[Exercise aim]:
A word-for-word copy of the data is what's wanted; pictures stay out of it.

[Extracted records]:
▬▬▬▬▬▬

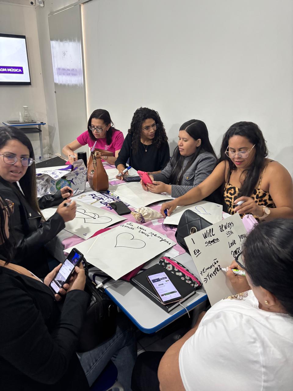 Dito isso, os professores participaram de uma atividade em grupos, a qual retiravam aleatoriamente duas cartelas contendo o nome de músicas. Cada grupo pesquisou a tradução das letras e, posteriormente, expressou artisticamente no quadro como a música impacta emocionalmente as pessoas. Essa atividade estimulou a criatividade e a interpretação pessoal das obras musicais.
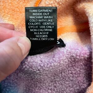 The Hot Topic Bright Rainbow Colorful Tie-Dye Cold Shoulder Hoodie in size medium is a vibrant and stylish addition to any wardrobe. This hoodie features a bright tie-dyed pattern with a crew neck and pullover closure, making it versatile for various occasions from casual wear to workwear. Made from a blend of polyester and cotton, the fleece fabric ensures comfort and warmth, while the kangaroo pocket adds a trendy accent. The relaxed fit and hooded design make it perfect for activities like walking, skateboarding, or even just running errands. Show off your colorful personality with this retro-inspired hoodie that is sure to make a statement.
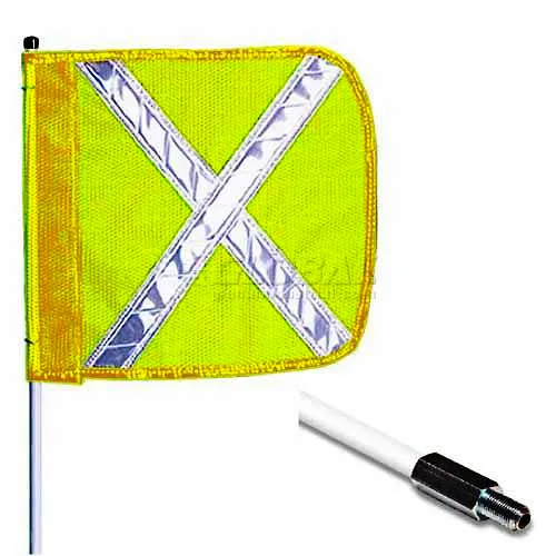 6' Heavy Duty Standard Threaded Hex Base Warning Whip w/o Light, 12"x11" Yellow w/ X Rectangle Flag
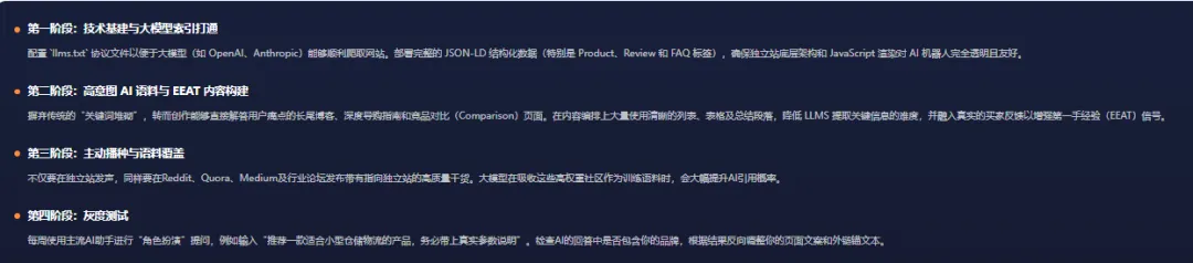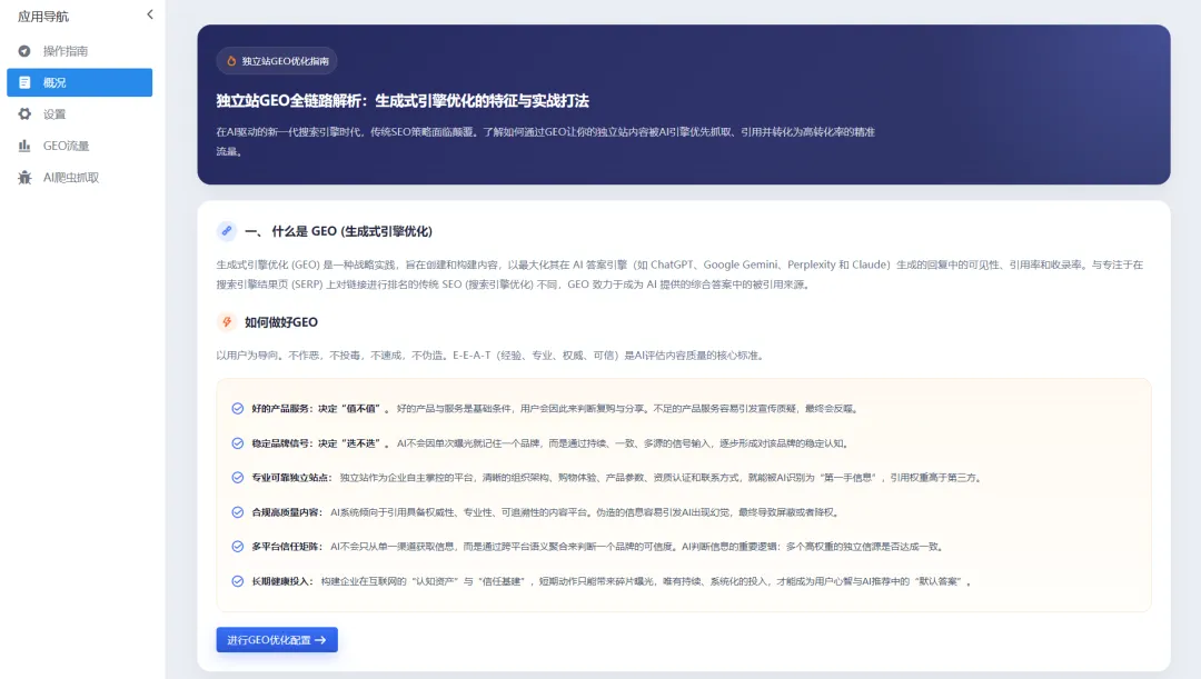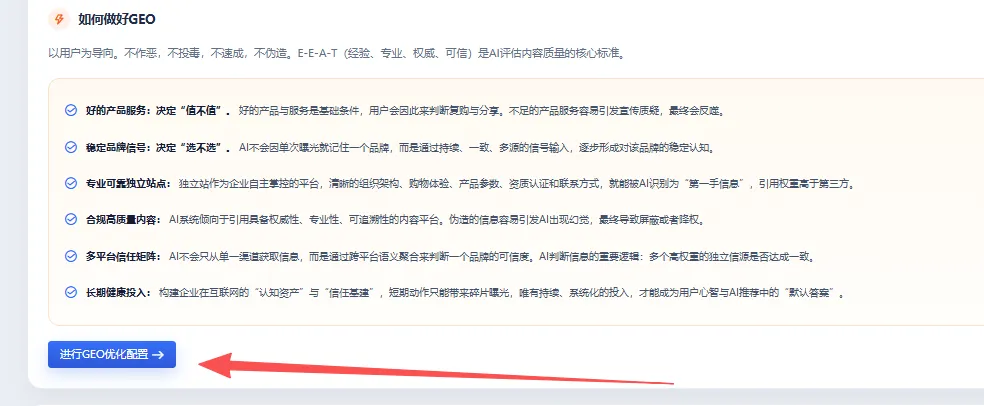 GEO 优化: 拼 EEAT(经验、专业、权威、可信)、拼结构化语料,直接让 AI 成为你的导购员。
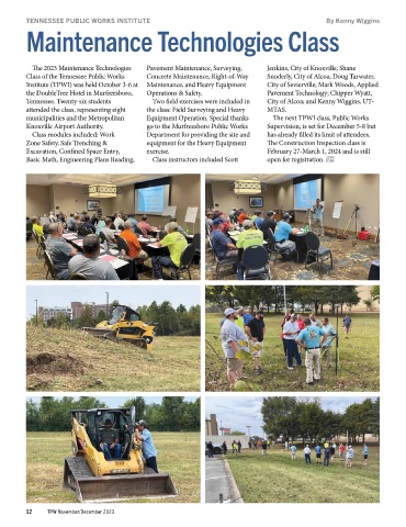 Institute (TPWI) was held October 3-6 at Maintenance, and Heavy Equipment City of Sevierville; Mark Woods, Applied
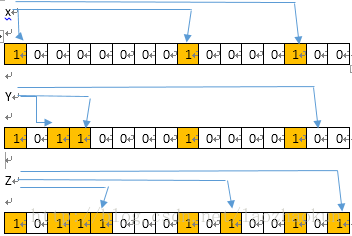 ,不知道什么工具比较好?)是使用三个散列函数的Bloom Filter中添加了几个对象(x,y,z)的过程。无论以前的状态是什么,比特位都被设置为1,在位数组中的1的个数只能增加。对象(如x,y,z)被确定地散列到数组中的位上,而这些位被设置为1,通过散列并检查那些位置上的比特值,可以查看一个对象是否在这个集合中。
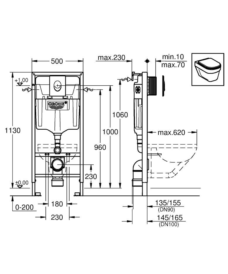 Villeroy & Boch O.Novo Direct Flush met Grohe Rapid SL en wit bedieningspaneel
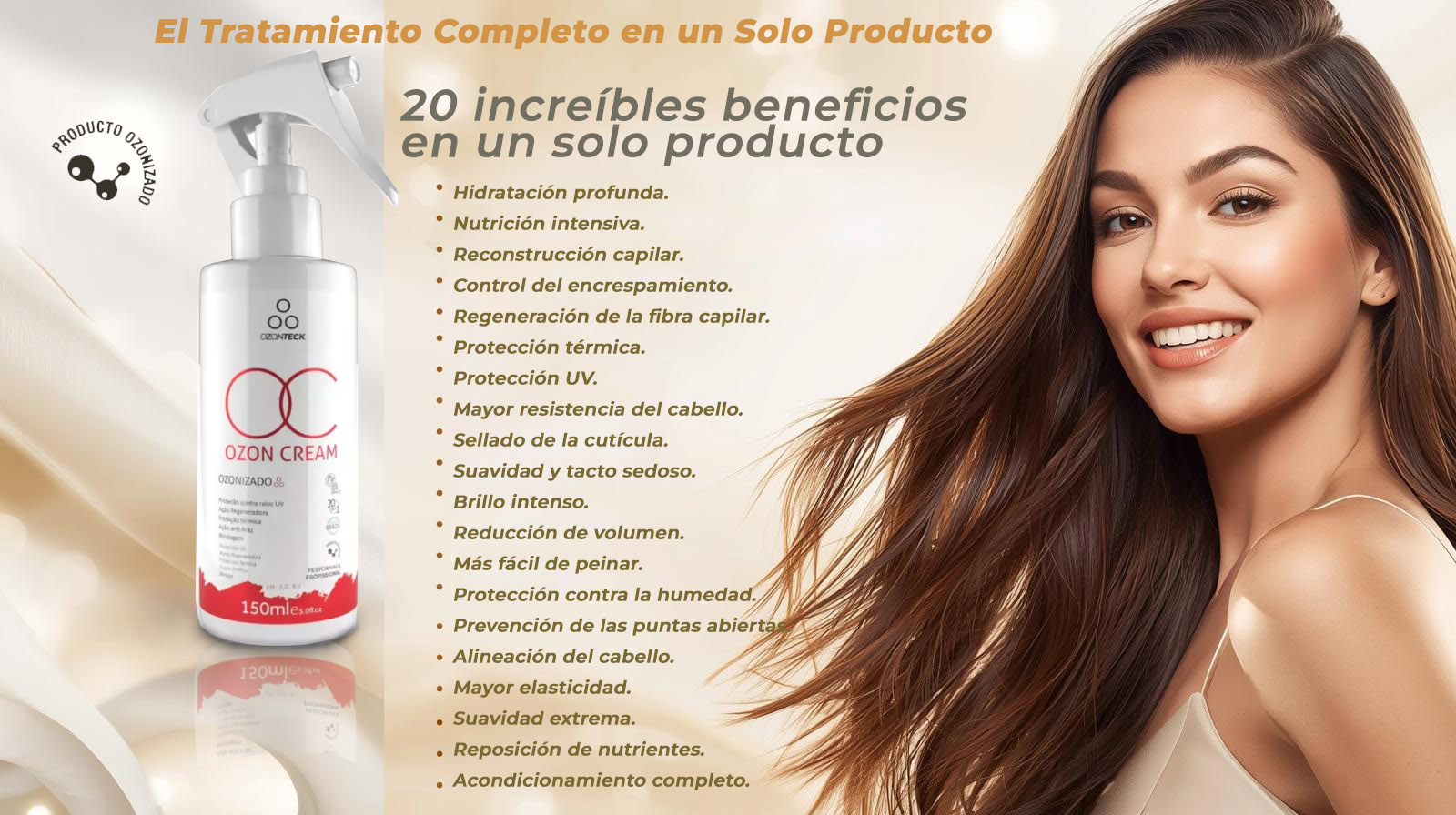 Experimenta el poder transformador de la Crema de Ozono 20 en 1 de Ozonteck y siente tu cabello más sano, protegido y con un brillo espectacular desde la primera aplicación.
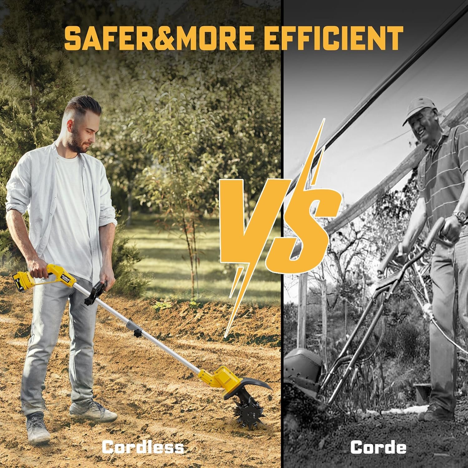 Safety Design: The cordless tiller cultivator comes with a safety switch. Both the safety button and trigger must be pressed simultaneously for operation, keeping you safe while gardening.
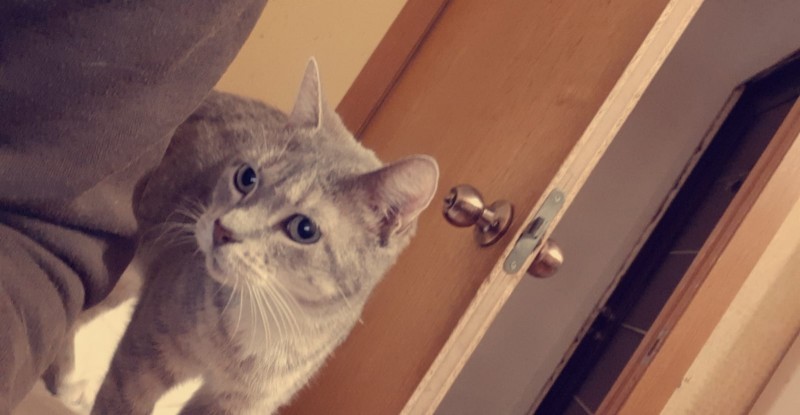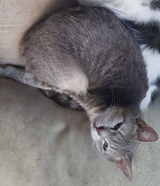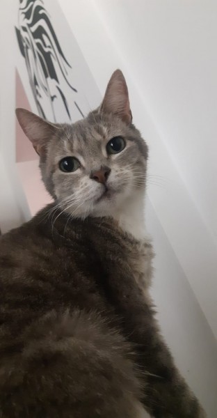 Pelēkibēša kaķu meitene vārdā Kloja,
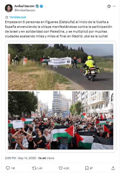 Regeneración, 15 de septiembre 2025– Las manifestaciones pro palestinas en Madrid han obligado a abandonar la última etapa de la Vuelta a España , en la que el danés Jonas Vingegaard ha sido declarado ganador general mientras la policía se enfrentaba a los manifestantes.
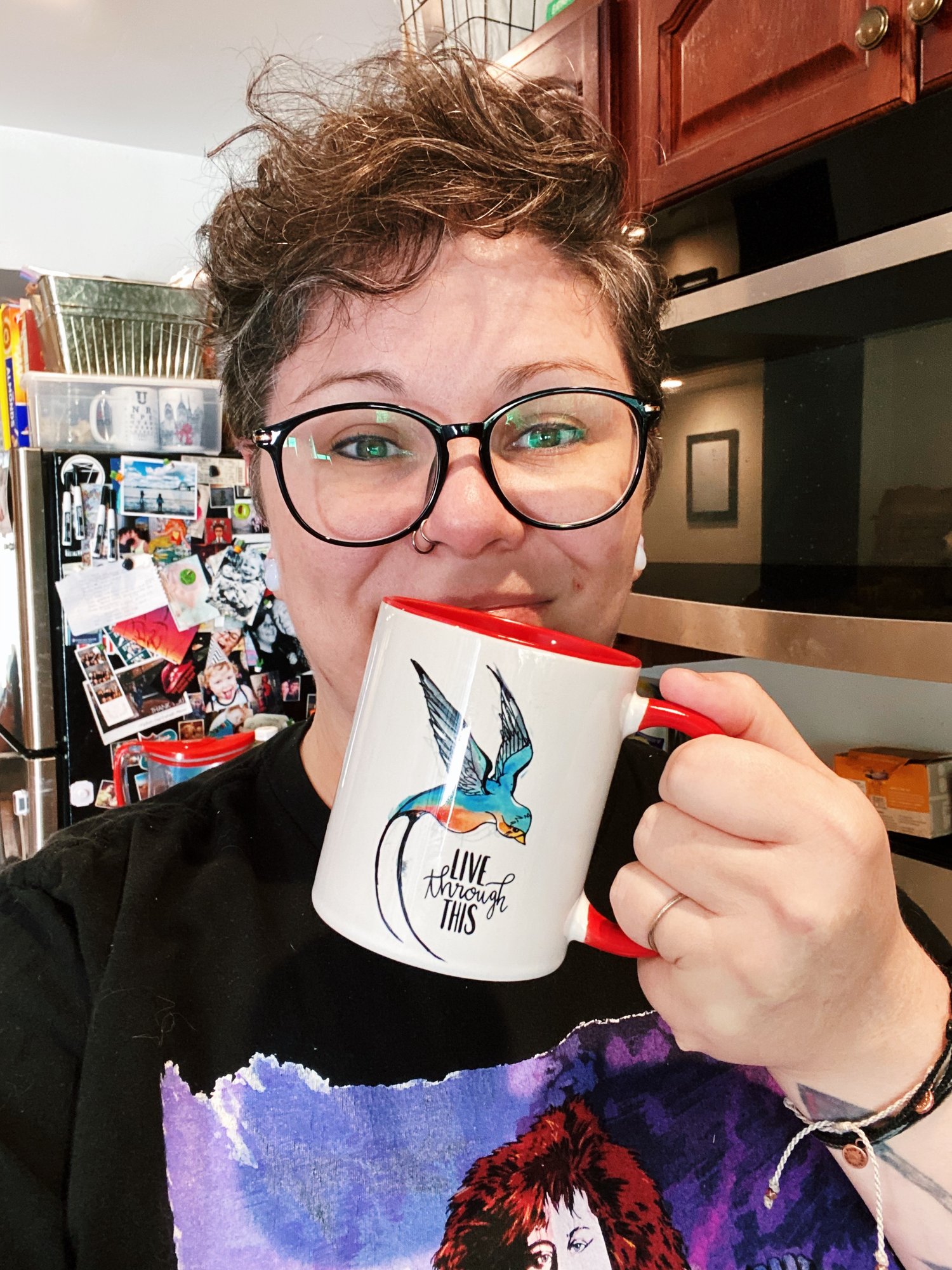Ceramic mug is dishwasher and microwave safe. Please allow 2 weeks for delivery. All proceeds go to Live Through This.
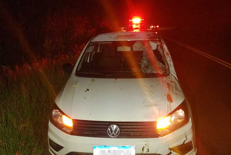 O condutor do carro saiu ileso. Já o animal, que estava solto sobre a pista, ficou ferido.
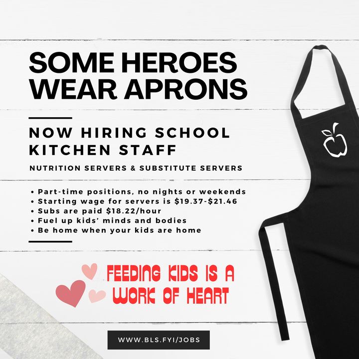 The school district emphasizes the importance of feeding children, stating that it is a work of heart. Interested applicants can find more information and apply at www.bls.fyi/jobs.
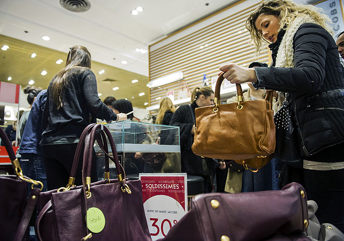 人們在法國巴黎老佛爺百貨搶購打折商品。新華社發(埃蒂安·洛朗 攝) |
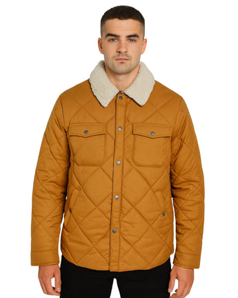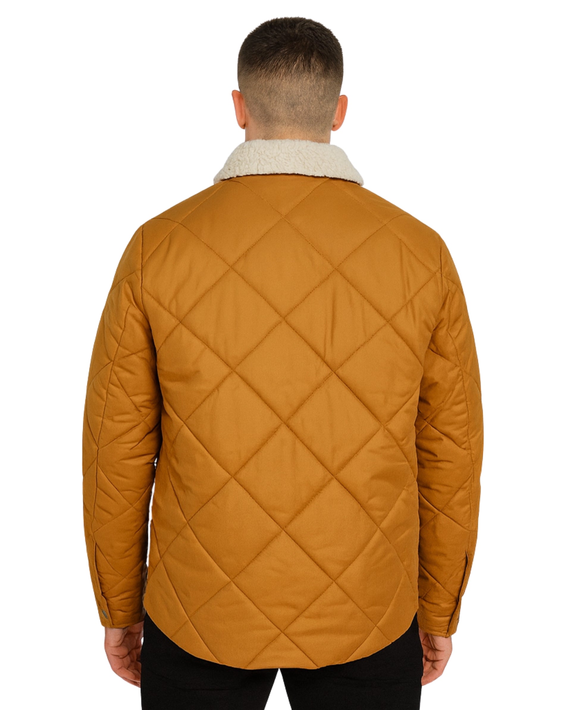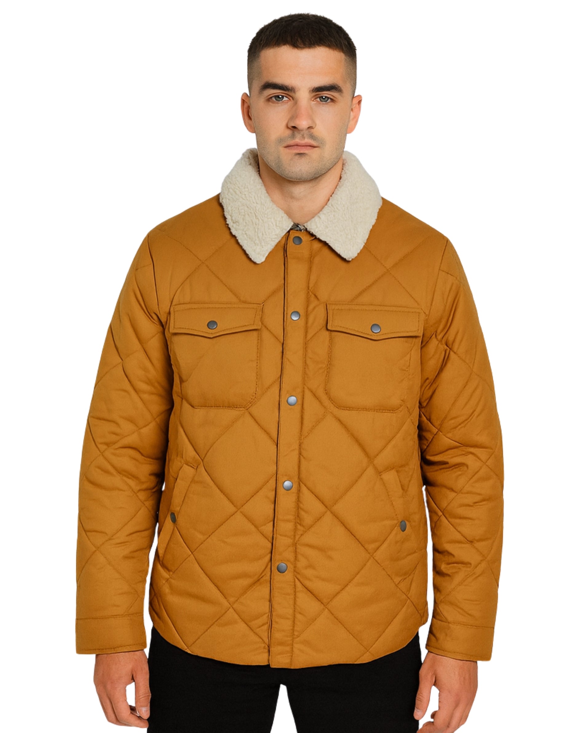 Sherpa Collar Vegan Snap Front, Button, 4 Pockets, Gold Faux
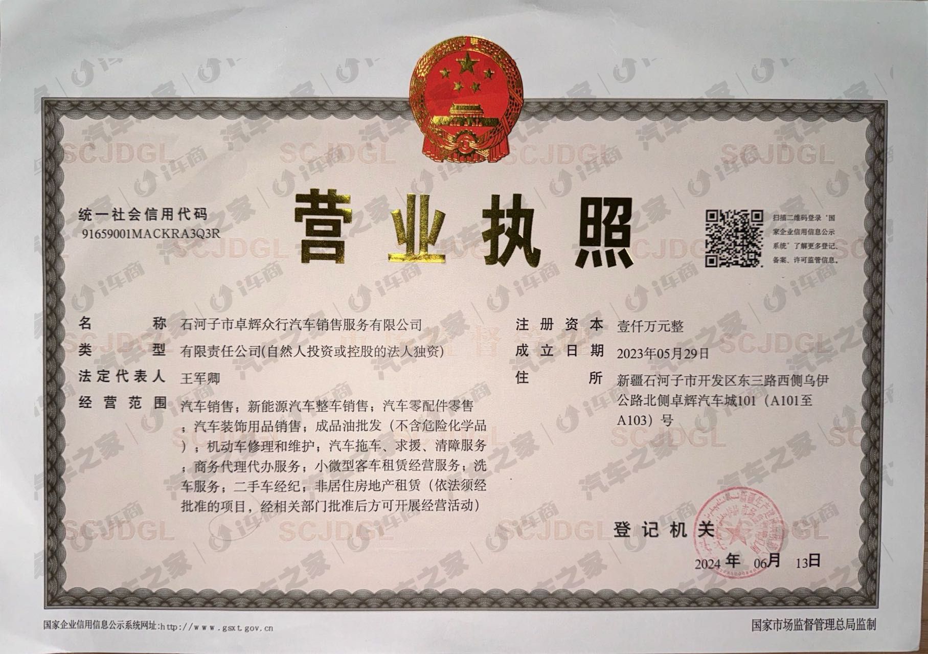 新疆石河子市开发区东三路西侧乌伊 公路北侧卓辉汽车城101(A101至 A103)号
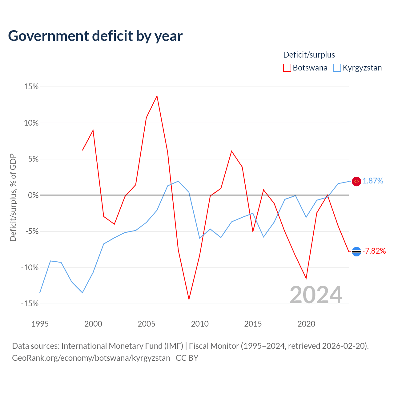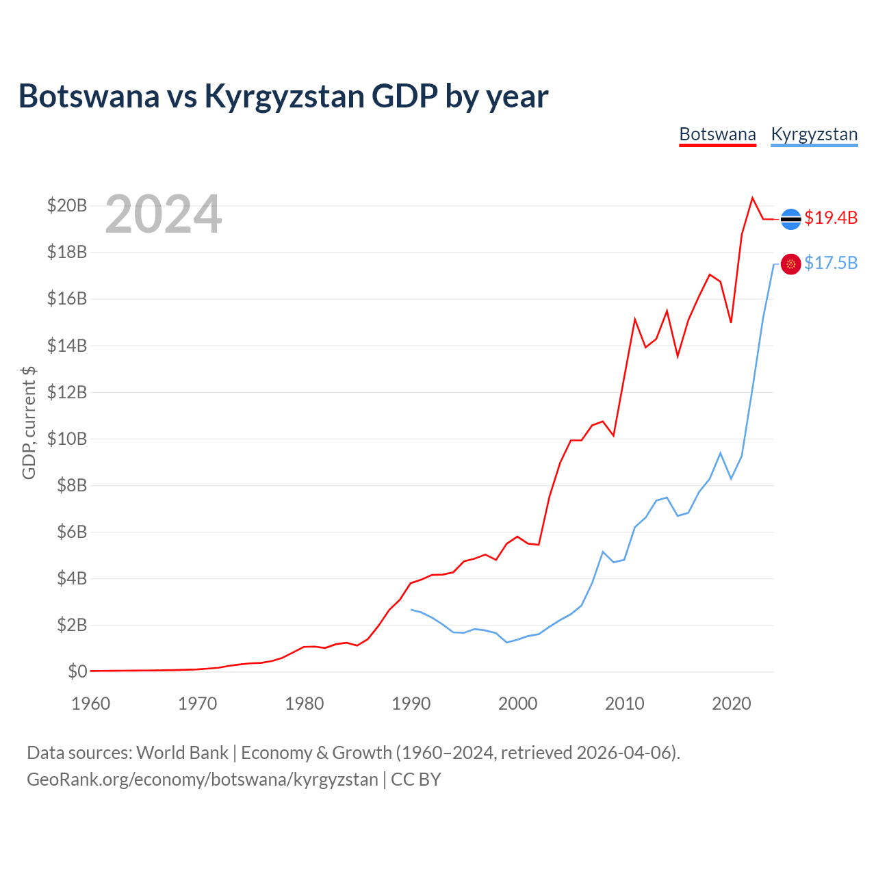 Botswana has a GDP of $19.4B compared to $17.5B for Kyrgyzstan, ranking 133/197 and 135/197 by economy size, respectively.

▬▬▬▬▬▬

[Solution below]:
 Dito isso, os professores participaram de uma atividade em grupos, a qual retiravam aleatoriamente duas cartelas contendo o nome de músicas. Cada grupo pesquisou a tradução das letras e, posteriormente, expressou artisticamente no quadro como a música impacta emocionalmente as pessoas. Essa atividade estimulou a criatividade e a interpretação pessoal das obras musicais.
 The Hot Topic Bright Rainbow Colorful Tie-Dye Cold Shoulder Hoodie in size medium is a vibrant and stylish addition to any wardrobe. This hoodie features a bright tie-dyed pattern with a crew neck and pullover closure, making it versatile for various occasions from casual wear to workwear. Made from a blend of polyester and cotton, the fleece fabric ensures comfort and warmth, while the kangaroo pocket adds a trendy accent. The relaxed fit and hooded design make it perfect for activities like walking, skateboarding, or even just running errands. Show off your colorful personality with this retro-inspired hoodie that is sure to make a statement.
 6' Heavy Duty Standard Threaded Hex Base Warning Whip w/o Light, 12"x11" Yellow w/ X Rectangle Flag
 GEO 优化: 拼 EEAT(经验、专业、权威、可信)、拼结构化语料,直接让 AI 成为你的导购员。
 Institute (TPWI) was held October 3-6 at Maintenance, and Heavy Equipment City of Sevierville; Mark Woods, Applied
 ,不知道什么工具比较好?)是使用三个散列函数的Bloom Filter中添加了几个对象(x,y,z)的过程。无论以前的状态是什么,比特位都被设置为1,在位数组中的1的个数只能增加。对象(如x,y,z)被确定地散列到数组中的位上,而这些位被设置为1,通过散列并检查那些位置上的比特值,可以查看一个对象是否在这个集合中。
 Villeroy & Boch O.Novo Direct Flush met Grohe Rapid SL en wit bedieningspaneel
 Experimenta el poder transformador de la Crema de Ozono 20 en 1 de Ozonteck y siente tu cabello más sano, protegido y con un brillo espectacular desde la primera aplicación.
 Safety Design: The cordless tiller cultivator comes with a safety switch. Both the safety button and trigger must be pressed simultaneously for operation, keeping you safe while gardening.
 Pelēkibēša kaķu meitene vārdā Kloja,
 Regeneración, 15 de septiembre 2025– Las manifestaciones pro palestinas en Madrid han obligado a abandonar la última etapa de la Vuelta a España , en la que el danés Jonas Vingegaard ha sido declarado ganador general mientras la policía se enfrentaba a los manifestantes.
Ceramic mug is dishwasher and microwave safe. Please allow 2 weeks for delivery. All proceeds go to Live Through This.
 O condutor do carro saiu ileso. Já o animal, que estava solto sobre a pista, ficou ferido.
 The school district emphasizes the importance of feeding children, stating that it is a work of heart. Interested applicants can find more information and apply at www.bls.fyi/jobs.
 人們在法國巴黎老佛爺百貨搶購打折商品。新華社發(埃蒂安·洛朗 攝) |
 Sherpa Collar Vegan Snap Front, Button, 4 Pockets, Gold Faux
 新疆石河子市开发区东三路西侧乌伊 公路北侧卓辉汽车城101(A101至 A103)号
 Botswana has a GDP of $19.4B compared to $17.5B for Kyrgyzstan, ranking 133/197 and 135/197 by economy size, respectively.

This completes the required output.